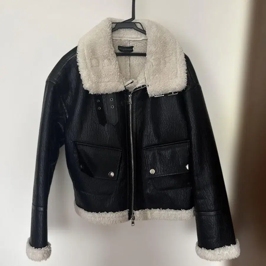 합성 피혁 소재의 보아 옷깃 레더 자켓, 프론트 포켓 부착.
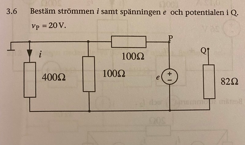 Det är dumt att använda i för strömmen genom det horisontella motståndet, eftersom det är strömmen genom 400 ohms motståndet, vilket även är en storhet som skall vara med i svaret.
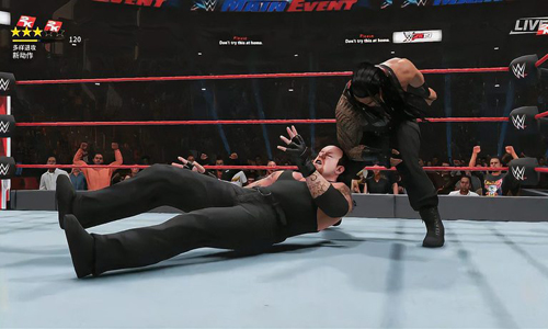 按WASD+→把敵人拉過去使其躺在解說臺,出現OMG提示后按↑,需要一個以上F(如果有F但是沒有出現OMG提示可能是體力不夠或者沒有那個技能,Play模式請到招式設置里把所有技能全部打鉤,生涯模式貌似需要購買)
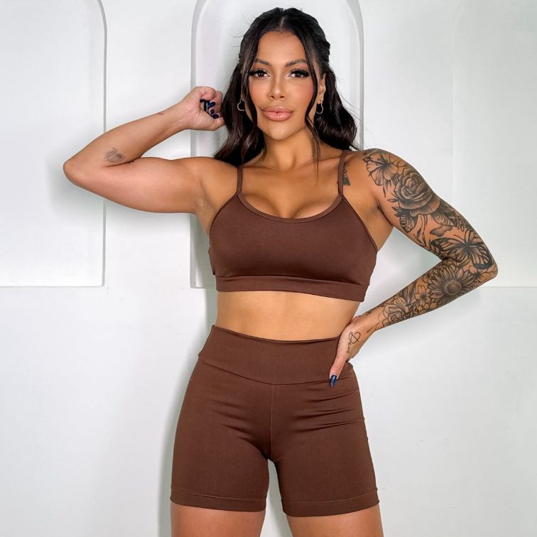 Comprar na ShopeeConjunto Fitness Bicolor Feminino Short e Top Bojo Removível Academia Roupa De Malhar Suplex Premium
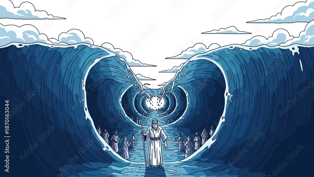 Samolepka Moses Parts the Red Sea for Israelites to Escape Pharaoh's Army, Divine Miracle
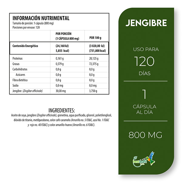 Aceite de soya, jengibre (zingiber officinale), grenetina, agua purificada, glicerol, polietilenglicol, dióxido de titanio, metilparabeno, color café caramelo (Amarillo no.5 FD&C, azul No.1 FD&C y rojo No.40 FD&C) y color amarillo-huevo (Amarillo No.6 FD&C).

• [Exercise objective] Print the entries as they stand, first line through the line holding "Comprar na ShopeeConjunto", with every picture removed.

• [Answer to the exercise]
 합성 피혁 소재의 보아 옷깃 레더 자켓, 프론트 포켓 부착.
 Det är dumt att använda i för strömmen genom det horisontella motståndet, eftersom det är strömmen genom 400 ohms motståndet, vilket även är en storhet som skall vara med i svaret.
 按WASD+→把敵人拉過去使其躺在解說臺,出現OMG提示后按↑,需要一個以上F(如果有F但是沒有出現OMG提示可能是體力不夠或者沒有那個技能,Play模式請到招式設置里把所有技能全部打鉤,生涯模式貌似需要購買)
 Comprar na ShopeeConjunto Fitness Bicolor Feminino Short e Top Bojo Removível Academia Roupa De Malhar Suplex Premium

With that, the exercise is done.